* _Data to use_
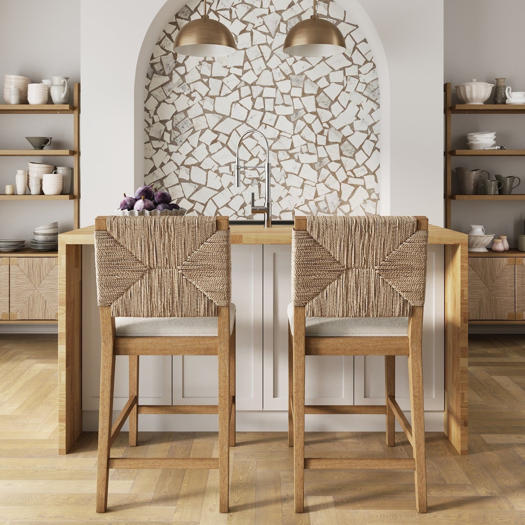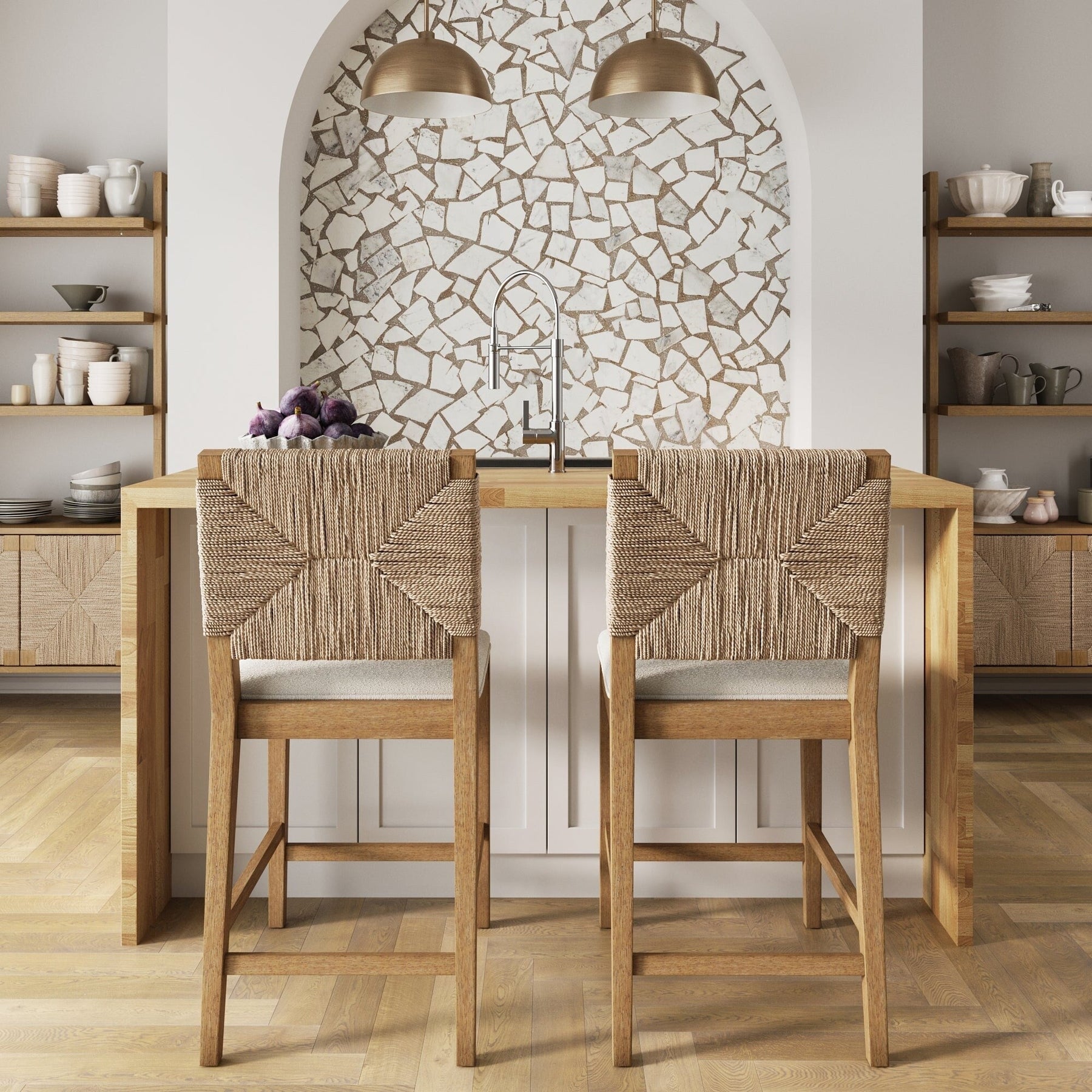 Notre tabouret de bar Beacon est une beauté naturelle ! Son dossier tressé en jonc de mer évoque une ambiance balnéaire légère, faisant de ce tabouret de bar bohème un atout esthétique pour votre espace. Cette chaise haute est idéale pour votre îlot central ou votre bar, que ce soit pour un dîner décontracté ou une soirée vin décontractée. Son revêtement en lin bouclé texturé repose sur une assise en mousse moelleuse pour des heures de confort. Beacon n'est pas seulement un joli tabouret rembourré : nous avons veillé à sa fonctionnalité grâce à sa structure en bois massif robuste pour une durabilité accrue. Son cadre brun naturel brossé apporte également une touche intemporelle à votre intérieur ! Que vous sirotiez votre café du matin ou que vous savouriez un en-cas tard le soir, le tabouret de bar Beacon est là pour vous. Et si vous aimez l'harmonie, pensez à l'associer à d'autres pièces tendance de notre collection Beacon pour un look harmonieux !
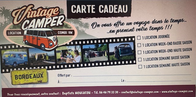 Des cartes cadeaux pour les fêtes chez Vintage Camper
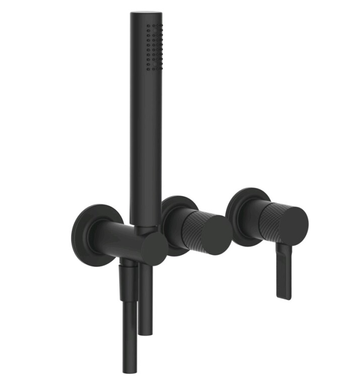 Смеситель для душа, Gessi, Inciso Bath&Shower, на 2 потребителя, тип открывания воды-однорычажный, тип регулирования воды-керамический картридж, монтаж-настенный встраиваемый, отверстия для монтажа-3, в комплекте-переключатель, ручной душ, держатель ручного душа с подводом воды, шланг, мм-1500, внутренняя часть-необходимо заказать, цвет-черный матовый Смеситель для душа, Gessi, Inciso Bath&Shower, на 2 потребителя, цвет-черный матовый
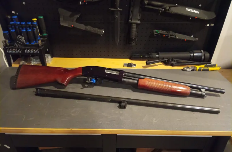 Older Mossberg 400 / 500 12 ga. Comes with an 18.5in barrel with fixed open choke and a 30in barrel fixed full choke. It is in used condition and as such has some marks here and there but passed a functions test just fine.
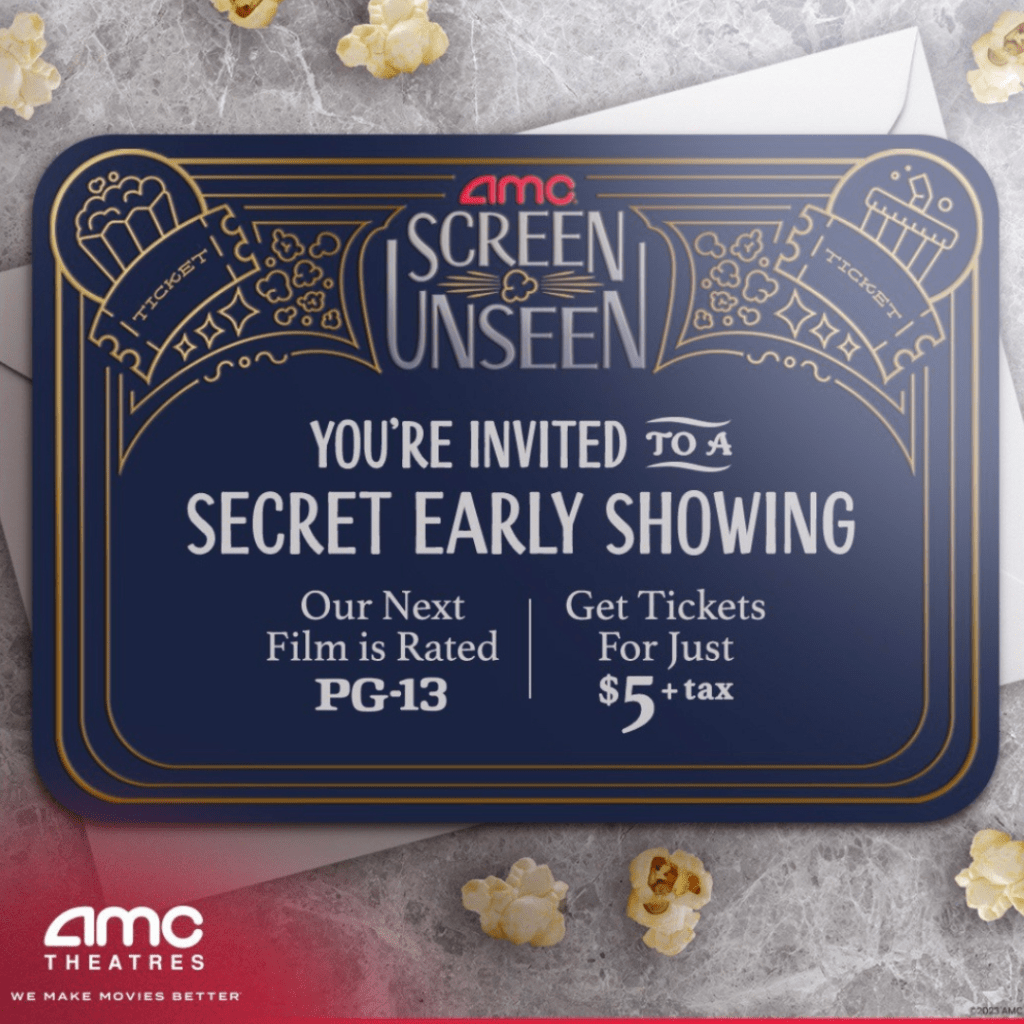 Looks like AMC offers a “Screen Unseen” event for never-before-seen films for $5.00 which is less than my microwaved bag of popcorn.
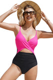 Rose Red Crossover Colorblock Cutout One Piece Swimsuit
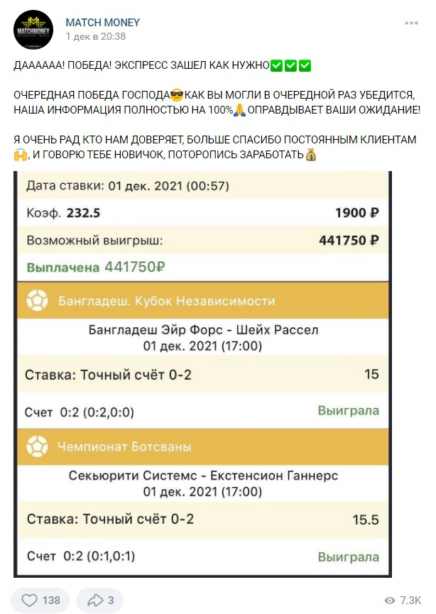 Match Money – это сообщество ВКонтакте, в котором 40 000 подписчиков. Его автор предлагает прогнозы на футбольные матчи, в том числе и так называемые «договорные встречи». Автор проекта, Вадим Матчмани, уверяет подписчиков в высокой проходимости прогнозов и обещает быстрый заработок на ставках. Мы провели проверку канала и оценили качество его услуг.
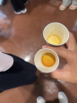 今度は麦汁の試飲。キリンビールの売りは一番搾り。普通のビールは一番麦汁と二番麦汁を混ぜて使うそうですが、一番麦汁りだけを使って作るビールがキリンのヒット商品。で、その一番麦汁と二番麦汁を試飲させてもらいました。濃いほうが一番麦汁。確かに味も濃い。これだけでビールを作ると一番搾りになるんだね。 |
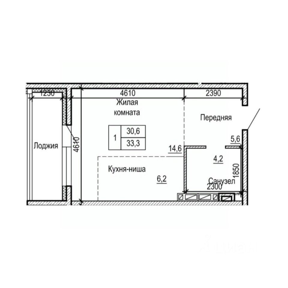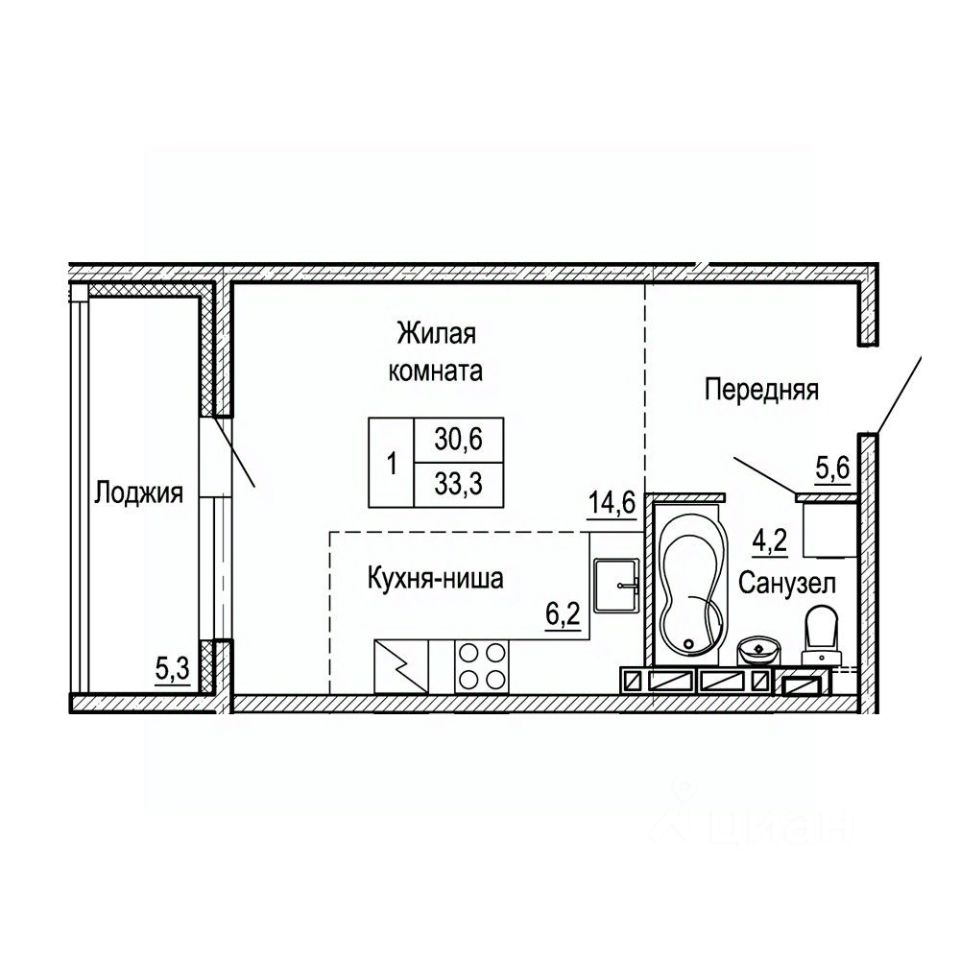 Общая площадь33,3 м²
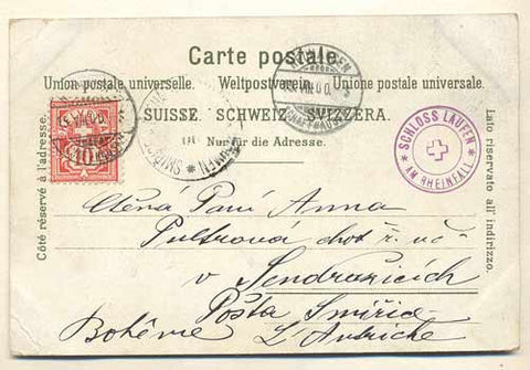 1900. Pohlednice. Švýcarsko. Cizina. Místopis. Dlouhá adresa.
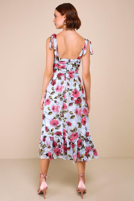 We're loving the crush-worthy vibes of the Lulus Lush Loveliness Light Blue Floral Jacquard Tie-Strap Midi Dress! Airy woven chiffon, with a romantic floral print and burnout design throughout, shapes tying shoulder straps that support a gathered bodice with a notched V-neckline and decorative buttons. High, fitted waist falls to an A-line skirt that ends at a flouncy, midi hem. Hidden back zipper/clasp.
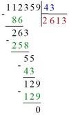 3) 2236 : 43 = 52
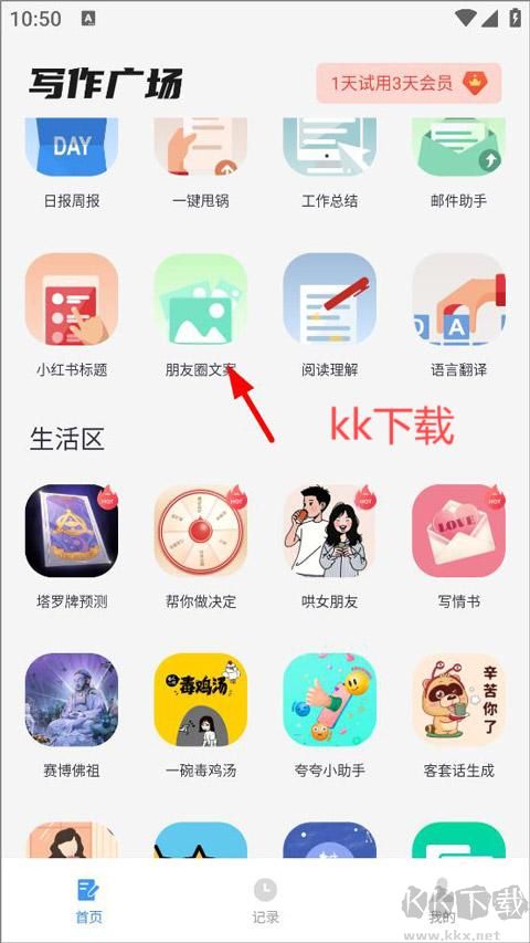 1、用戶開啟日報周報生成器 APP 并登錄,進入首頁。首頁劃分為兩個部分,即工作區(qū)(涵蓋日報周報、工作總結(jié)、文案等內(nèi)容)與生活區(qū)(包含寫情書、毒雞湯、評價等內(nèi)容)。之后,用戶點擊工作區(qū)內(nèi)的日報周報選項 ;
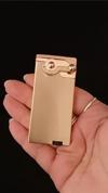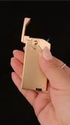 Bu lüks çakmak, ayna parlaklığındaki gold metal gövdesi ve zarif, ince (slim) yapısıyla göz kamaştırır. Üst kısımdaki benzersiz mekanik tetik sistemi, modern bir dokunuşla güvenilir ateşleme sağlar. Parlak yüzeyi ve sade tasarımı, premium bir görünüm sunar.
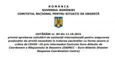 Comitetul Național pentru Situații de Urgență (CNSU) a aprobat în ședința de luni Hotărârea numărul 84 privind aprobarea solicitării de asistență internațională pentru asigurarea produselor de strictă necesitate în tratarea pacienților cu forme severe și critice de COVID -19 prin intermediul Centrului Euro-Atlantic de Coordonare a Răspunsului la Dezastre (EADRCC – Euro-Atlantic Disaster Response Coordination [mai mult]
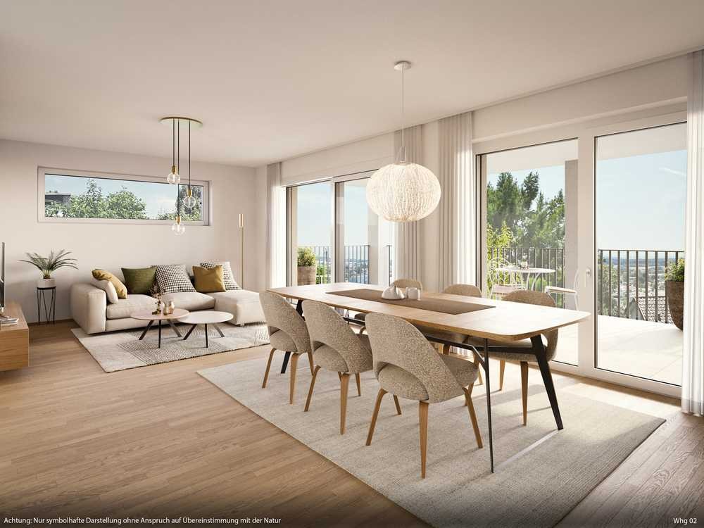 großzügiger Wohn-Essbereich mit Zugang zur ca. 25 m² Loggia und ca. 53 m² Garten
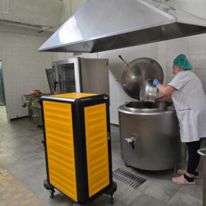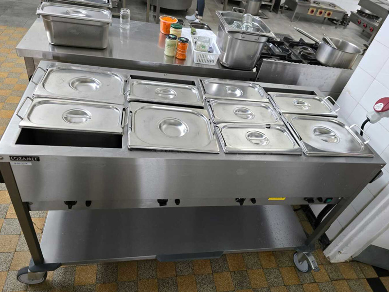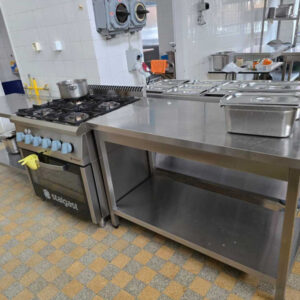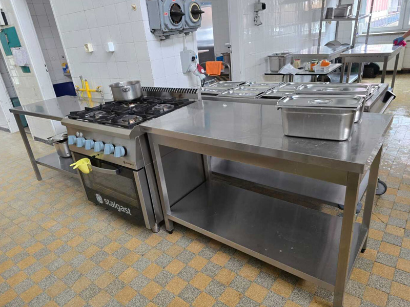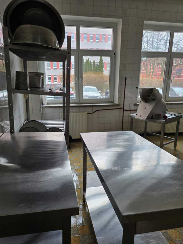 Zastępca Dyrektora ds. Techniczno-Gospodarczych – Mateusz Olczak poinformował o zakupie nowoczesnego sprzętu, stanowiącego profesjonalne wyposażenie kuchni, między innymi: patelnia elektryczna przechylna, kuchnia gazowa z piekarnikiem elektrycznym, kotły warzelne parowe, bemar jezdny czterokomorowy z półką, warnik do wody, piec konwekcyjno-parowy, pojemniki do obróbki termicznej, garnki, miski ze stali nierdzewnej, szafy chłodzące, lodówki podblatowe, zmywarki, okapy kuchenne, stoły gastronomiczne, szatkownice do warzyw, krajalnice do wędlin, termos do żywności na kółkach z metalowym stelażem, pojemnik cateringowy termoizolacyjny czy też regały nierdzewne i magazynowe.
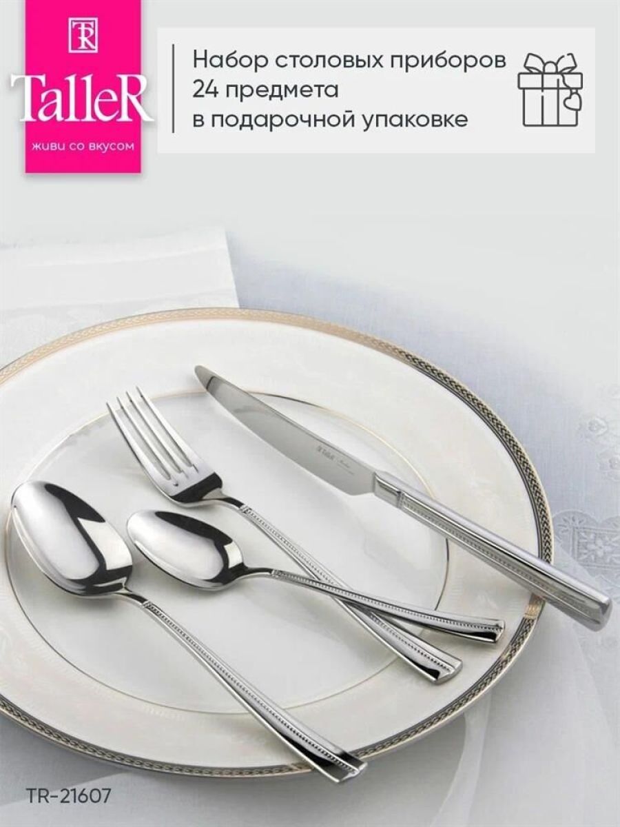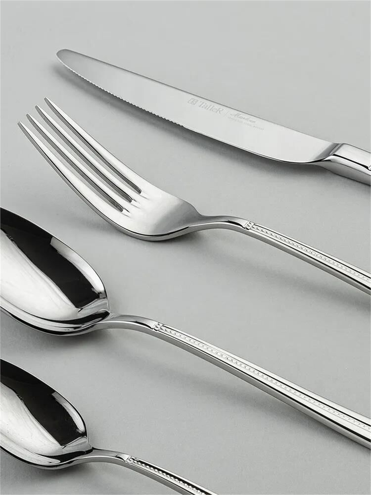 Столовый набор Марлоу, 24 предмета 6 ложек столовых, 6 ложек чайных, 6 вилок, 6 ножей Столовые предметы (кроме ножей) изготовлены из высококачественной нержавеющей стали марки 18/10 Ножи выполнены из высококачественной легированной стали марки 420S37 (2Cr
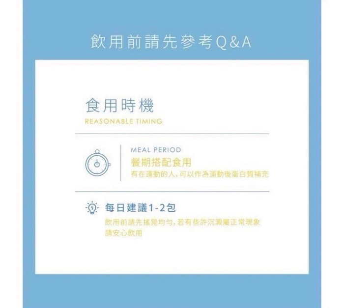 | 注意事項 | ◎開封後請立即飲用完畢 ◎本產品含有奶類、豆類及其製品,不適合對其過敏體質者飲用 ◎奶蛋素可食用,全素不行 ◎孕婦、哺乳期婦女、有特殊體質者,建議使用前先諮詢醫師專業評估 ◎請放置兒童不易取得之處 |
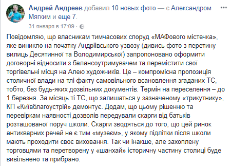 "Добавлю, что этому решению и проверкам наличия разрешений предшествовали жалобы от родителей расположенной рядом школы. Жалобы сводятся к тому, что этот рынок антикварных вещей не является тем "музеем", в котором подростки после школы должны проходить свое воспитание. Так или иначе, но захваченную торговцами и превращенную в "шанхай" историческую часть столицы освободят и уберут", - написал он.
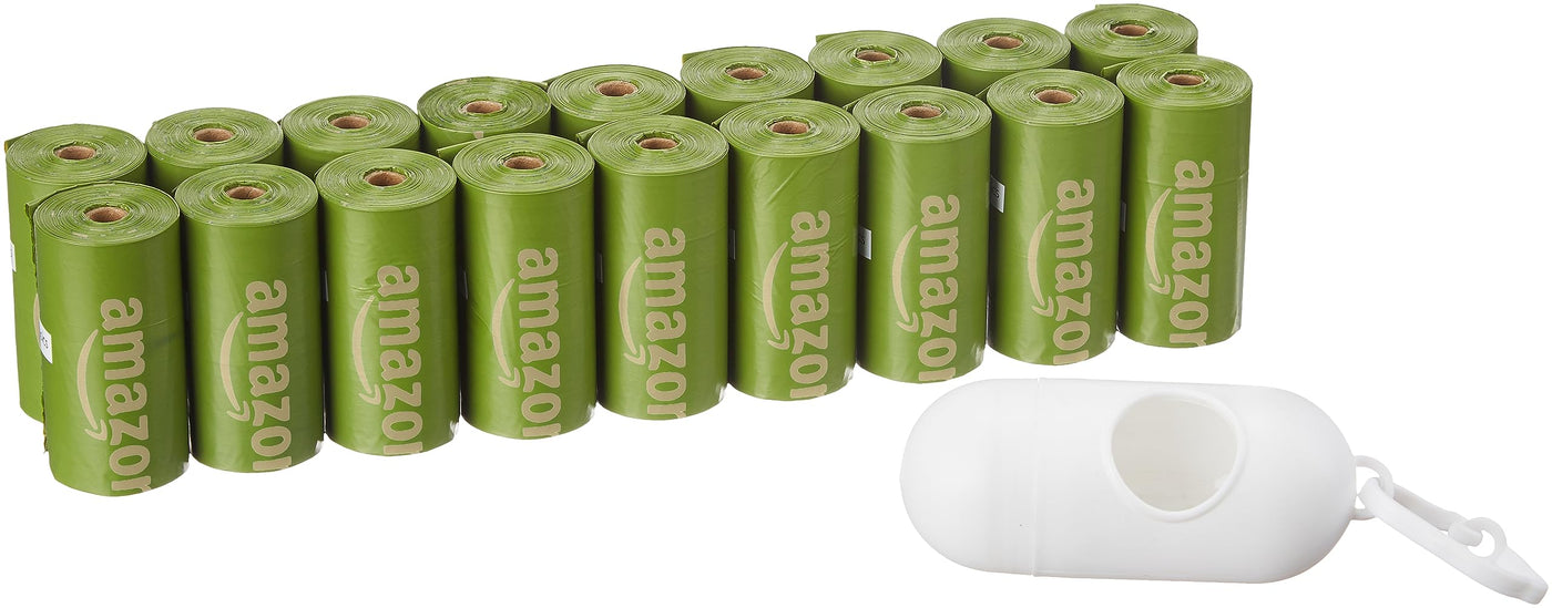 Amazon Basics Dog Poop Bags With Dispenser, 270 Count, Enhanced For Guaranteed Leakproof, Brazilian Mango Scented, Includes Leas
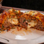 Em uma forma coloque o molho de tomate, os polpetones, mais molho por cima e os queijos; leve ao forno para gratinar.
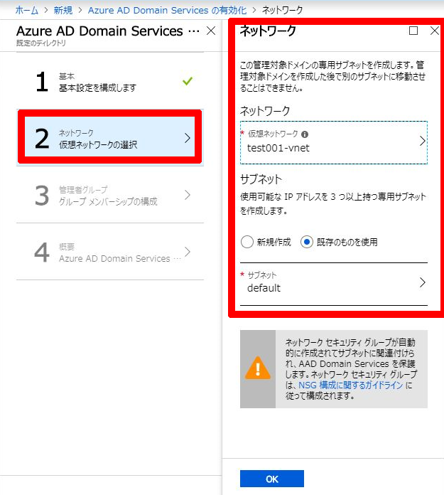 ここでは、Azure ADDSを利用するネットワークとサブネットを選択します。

* _Directions_
Make an exact copy of the lines above, beginning with the line with "Match Money –" and ending with the line with "1900. Pohlednice. Švýcarsko.", and keep the pictures out of it.

* _Task output_
 Match Money – это сообщество ВКонтакте, в котором 40 000 подписчиков. Его автор предлагает прогнозы на футбольные матчи, в том числе и так называемые «договорные встречи». Автор проекта, Вадим Матчмани, уверяет подписчиков в высокой проходимости прогнозов и обещает быстрый заработок на ставках. Мы провели проверку канала и оценили качество его услуг.
 今度は麦汁の試飲。キリンビールの売りは一番搾り。普通のビールは一番麦汁と二番麦汁を混ぜて使うそうですが、一番麦汁りだけを使って作るビールがキリンのヒット商品。で、その一番麦汁と二番麦汁を試飲させてもらいました。濃いほうが一番麦汁。確かに味も濃い。これだけでビールを作ると一番搾りになるんだね。 |
 Общая площадь33,3 м²
 1900. Pohlednice. Švýcarsko. Cizina. Místopis. Dlouhá adresa.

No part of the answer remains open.